Figure 10: Adapted from (Smith et al. 2013). Basic concept of rsfMRI: calculate correlation of temporal

activity across voxels and as such brain regions (nodes, indicated as A, B, C).

6.4.3 fMRI resting state processing

Before the rsfMRI scan subjects are asked to “lie still, do not think of anything in particular and to not fall asleep” while the BOLD signal is measured for 8 minutes (values between 5-15 minutes are common in rsfMRI studies). Most common MRI sequence to measure this signal is gradient echo planar imaging (EPI) in which one 2D slice is acquired to cover the whole brain within 2-3s with a spatial resolution of around 3-5mm in each dimension. Consecutively a structural scan with higher resolution is acquired in order to map activations to brain regions.

Various software packages are available to process the raw 4D rsfMRI data using standardized approaches. In this work the CONN-toolbox (Whitfield-Gabrieli and Nieto-Castanon 2012) is used in which the following pre-processing steps are performed:

1. Analyze and realign changes in orientation of the rsfMRI data over time due to head motion. 2. Warp the high resolution structural scan to Montreal Neurological Institute (MNI) standardized-

space and use the deformation matrixes to also warp the rsfMRI data to this space.

3. Use the structural image in MNI space to generate tissue maps in order to separate non-brain regions, gray matter and white matter.

4. Smoothing of the rsfMRI data is applied to improve signal-to-noise ratio and statistical power. 5. Filtering of rsfMRI data to remove the slowest temporal drifts.

6. Regression of motion parameters (estimated in step 1) and signal changes from the CSF.

7. Independent component analysis (ICA) identifying noise components which are subsequently removed.

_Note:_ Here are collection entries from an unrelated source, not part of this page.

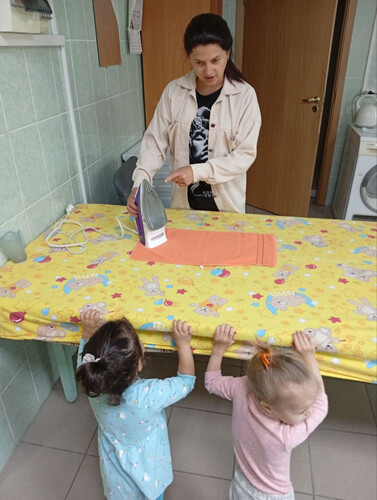 Затем ребята отправились в прачечную, где сотрудник Елена Ш. познакомила малышей с таким опасным предметом как утюг и подробно разъяснила правила пользования им. Занятие оказалось полезным, увлекательным и информативным. Дети внимательно слушали рассказы педагогов и активно участвовали в игровой деятельности.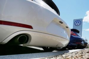FILE PHOTO: New Volkswagen vehicles are parked with their exhaust pipes facing the street at a dealership in Medford, Massachusetts, U.S., June 15, 2016. REUTERS/Brian Snyder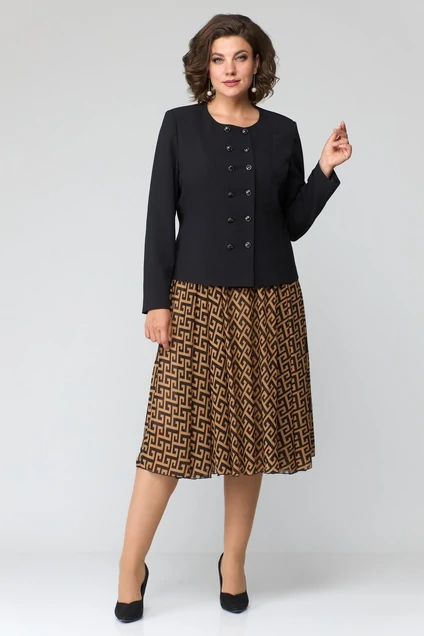 Костюм с юбкой 1118 черный + бежевый ANASTASIA MAK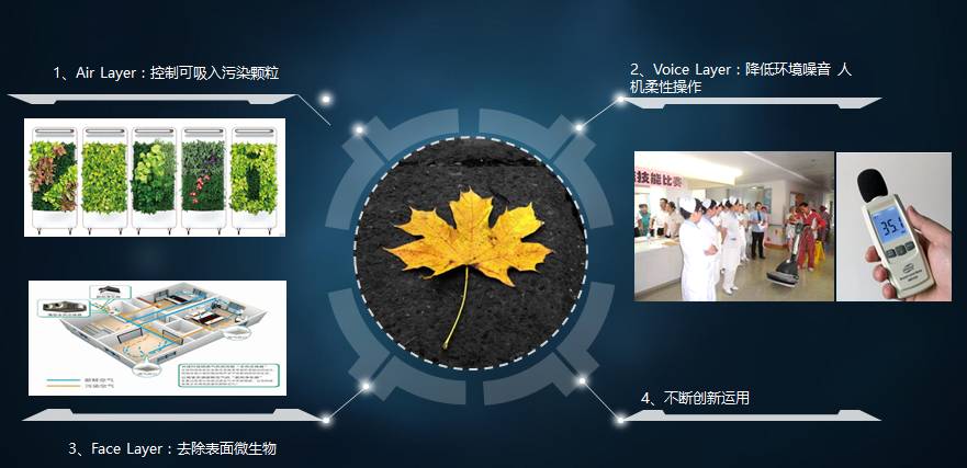 采用綠色天然物質(zhì),結(jié)合物聯(lián)網(wǎng)技術(shù)動(dòng)態(tài)監(jiān)測、人機(jī)管控,降低可吸入顆粒濃度,降低病房內(nèi)噪音,降低環(huán)境表面微生物含量,讓患者在綠色、潔凈、健康的環(huán)境中康復(fù)。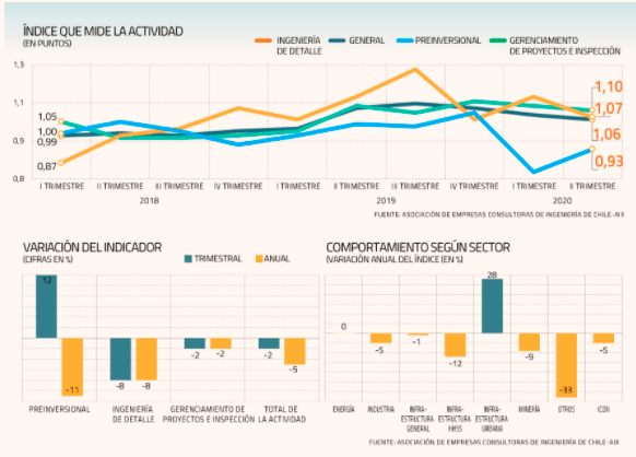 “El aumento en las restricciones de movilidad ocasionadas por las medidas sanitarias para combatir la pandemia del coronavirus, han impactado negativamente a la industria de la ingeniería, lo que se ha visto reflejado en la postergación de proyectos, retraso en licitaciones, así como, en mayores restricciones para la actividad en terreno”, revela el informe.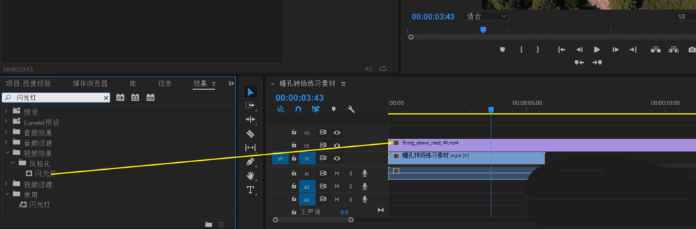 3、效果栏找到闪光灯,往右拖到第上面的视频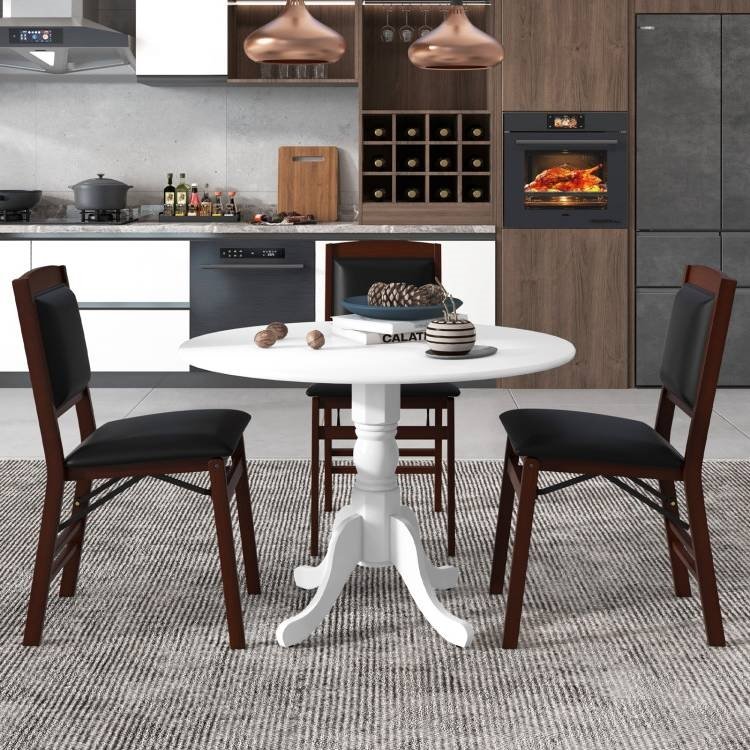 Crafted with natural rubber wood, the Round Solid Wood Kitchen Dining Table in White Farmhouse Wooden Finish is solid, not easy to crack and deformation-resistant for prolonged lifespan. Moreover, been through exquisite workmanship, it is smooth and burr-free. The white wood finish and elegant curved trestle legs make this dining table a stunning addition to your home. Hence, the dining table can easily blend with various decor themes to improve the style of your living room, kitchen, and dining room. The rustic dining table comes with stable splayed legs, which ensures excellent stability. Additionally, each leg is equipped with adjustable feet pads, thus the dining room table will not wobble on uneven grounds. This dining table can accommodate up to 4 people, making it the perfect choice for small family gatherings. In addition, the thoughtful round corners are designed to avoid scratching or bumping. Equipped with detailed instruction and numbered parts, the assembly of the dining table will not trouble you. With a healthy paint finish, the dining table can be easily cleaned with a wet cloth.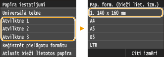 Ja izvēlaties daudzfunkciju papīrturim paredzētu papīra formātu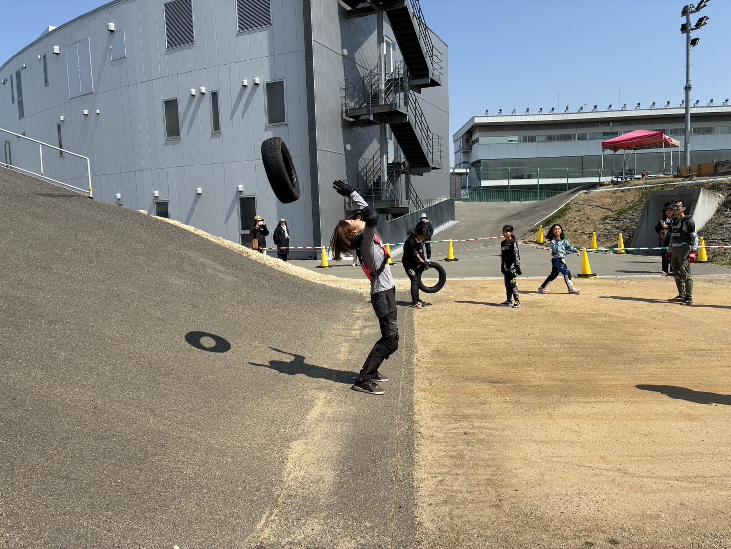 タイヤ投げ、ラストにゲート練習と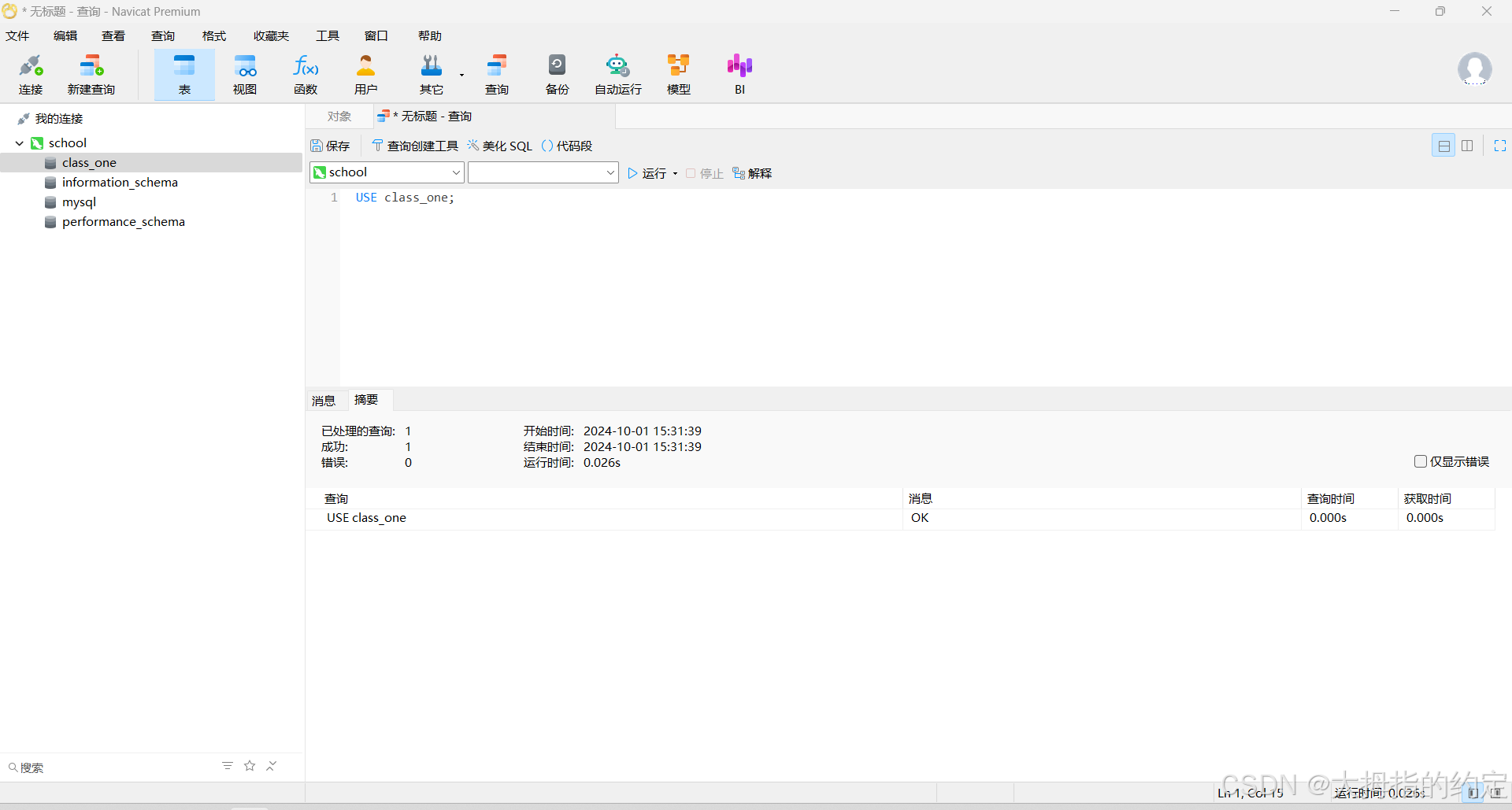 USE class_one; /* 使用数据库名 */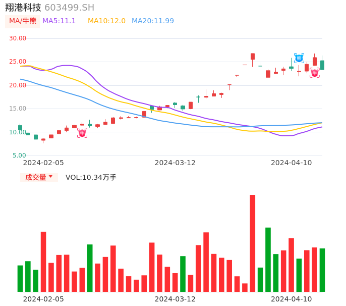 翔港科技近期出现日线级别牛点,与60分钟牛点出现共振,目前还未完全进入快速上涨通道,可积极关注。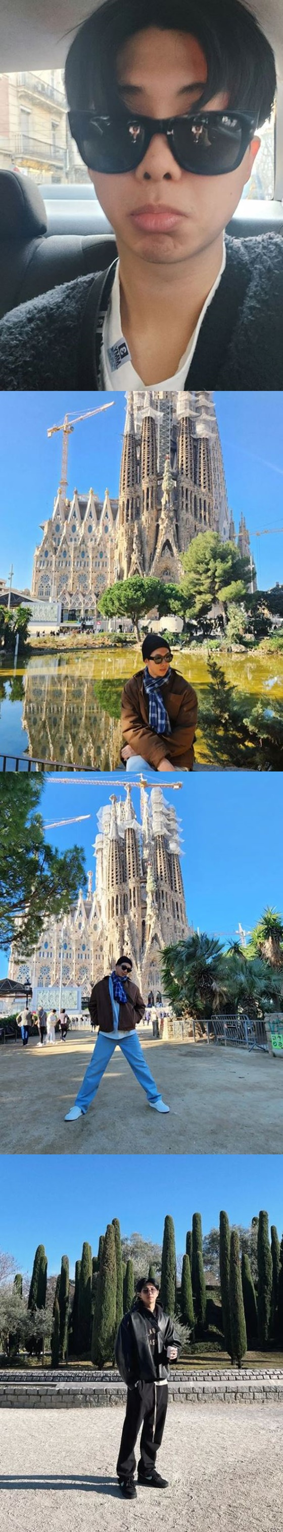그가 공개한 사진에는 가족과 떠난 것으로 보이는 스페인 여행에서 다양한 분위기를 자랑하는 RM의 모습이 담겼다.
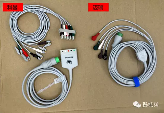 科曼采用防除顫分體夾式5導(dǎo)聯(lián)線,分纜長度為LA,RA,V導(dǎo)聯(lián)1米;RL,LL導(dǎo)聯(lián)1.6米;邁瑞采用防除顫一體扣式5導(dǎo)聯(lián),分纜統(tǒng)一為0.6米,主纜部分長度一樣。導(dǎo)聯(lián)線上的分纜,容易損壞。如果只是分纜換了,分體式只用換掉分纜就行了,而一體式只能換掉附件,減少不必要的浪費,提高使用率,節(jié)約成本。

After pre-processing temporal synchronicity between spatially separated voxels needs to be calculated (Figure 10). This can either be done in a seed-based approach, in which a seed region is selected and time courses in all other voxels are compared to the seed region, or an ICA analysis to identify similar components throughout the brain (Cole, Smith, and Beckmann 2010). While seed-based approach allows for less variation due to possible underlying changes since the seed is fixed, ICA requires manual identification of significant components and is less established. Both techniques are used throughout currently published works, with a tentative preference for ICA in more recent works.

When the networks are identified, comparisons can be made on a group or linear-correlation basis. Either participants are grouped based on some classifier and the same network is compared between the two groups, or within the selected network voxels are weighted by a linear value for each subject and evaluated for significance within the whole sample. The statistics involved for these large 4D datasets is called Statistical Parametric Mapping (SPM) (Friston 1994), in which a General Linear Model (GLM) is used to describe the statistical contrast being tested as a correlation between measurements and a design matrix with a noise term. Correction for multiple testing is handled by applying Gaussian random fields theory (Friston 1994) after T-testing of each voxel for significance.